The divestment campaign at St. Thomas University (STU) is an example of student-led activism, calling for systems change at the local level, with hopes of influencing system change on a larger scale.
The Divest STU campaign approaches institutional change by examining the power structures at the university and identifying key decision makers. Different levels of power within the University’s structure include students, staff, faculty, and administration.
Divest STU aims to increase awareness of fossil fuel divestment on the STU campus. Many students do not know that STU invests more than $1 million in fossil fuel stocks every year, and most are shocked when they learn that fact. Creating an understanding of the issue is the first step in gaining support from the STU community.
To circulate information and raise awareness of the importance of divestment at STU, the campaign has distributed fact sheets to students, delivered presentations to environmental classes, circulated a petition, and distributed orange square pins to students who support divestment at STU.
The orange square is one of the most important parts of the STU divestment campaign – students place these pins on their backpacks, showing a visual sign of support for fossil fuel divestment. The visual sign of support is eye catching and sparks a conversation when people see it. This is a great way of circulating information and spreading awareness of the campaign across campus.
The petition builds the number of supporters for divestment – it collects signatures from students, staff, faculty and alumni from STU. The petition will be presented this term during the campaign’s official proposal to the Investment Committee, and eventually the Board of Governors, to give board members an idea of how many people truly support this decision.
Most students are generally interested in environmental issues, because climate change will have an impact on their futures. Many faculty members are also concerned about environmental issues, as most have a strong understanding of the environmental, social and economic impacts of climate change.

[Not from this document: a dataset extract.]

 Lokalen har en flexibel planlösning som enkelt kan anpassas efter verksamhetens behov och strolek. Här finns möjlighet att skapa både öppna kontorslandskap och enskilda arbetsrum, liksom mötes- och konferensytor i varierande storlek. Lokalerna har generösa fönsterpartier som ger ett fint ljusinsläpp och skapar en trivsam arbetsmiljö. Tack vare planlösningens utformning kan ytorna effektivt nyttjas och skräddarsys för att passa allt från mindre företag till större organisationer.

In March 2018, student activists presented the idea of fossil fuel divestment to the St. Thomas Students’ Union (STUSU) and to the Faculty Association of the University of St. Thomas (FAUST). Both groups voted unanimously in support of fossil fuel divestment, marking two important accomplishments in the campaign. STUSU acts as a representative body for the entire student population at STU, and FAUST represents all faculty.

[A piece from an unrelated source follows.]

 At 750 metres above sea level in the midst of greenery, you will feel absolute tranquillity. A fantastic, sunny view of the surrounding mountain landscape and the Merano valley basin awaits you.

Gaining support from these two groups proves that there is interest and desire to see STU divest from holdings in fossil fuels. However, the divestment campaign must also address a broader challenge.

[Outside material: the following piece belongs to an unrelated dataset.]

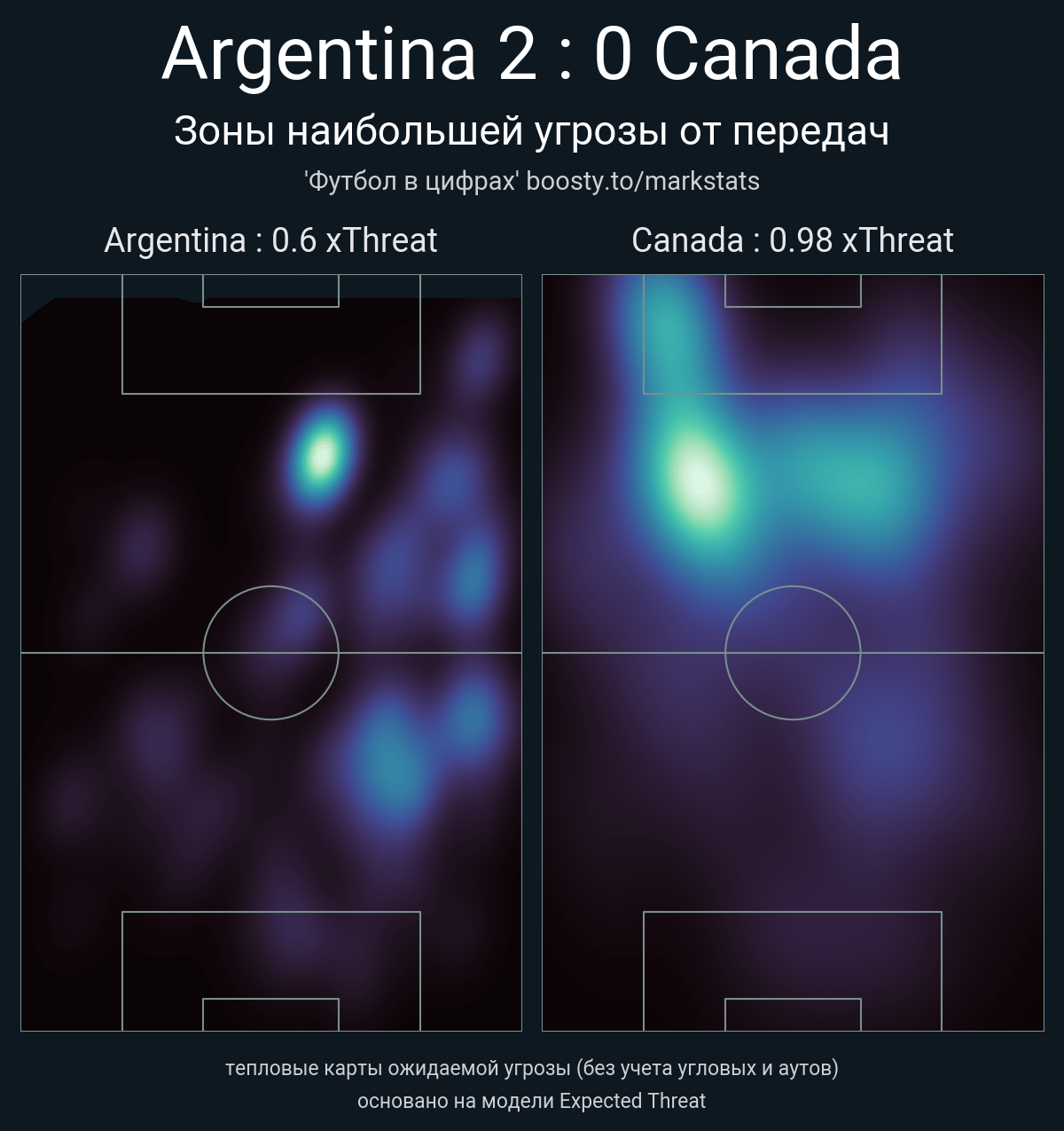 xThreat без учета угловых: 0.6 - 0.98

The iceberg model can help us understand the problem. The tip of the iceberg is what you see on the surface – the visible, obvious issue. In this case, it is STU’s investments in the fossil fuel industry. The university invests more than $1 million annually in fossil fuel stocks to generate profit, even though the fossil fuel industry is driving the climate crisis. This issue is easy to identify, but if you look below the surface, other factors have influenced the university to make these investments.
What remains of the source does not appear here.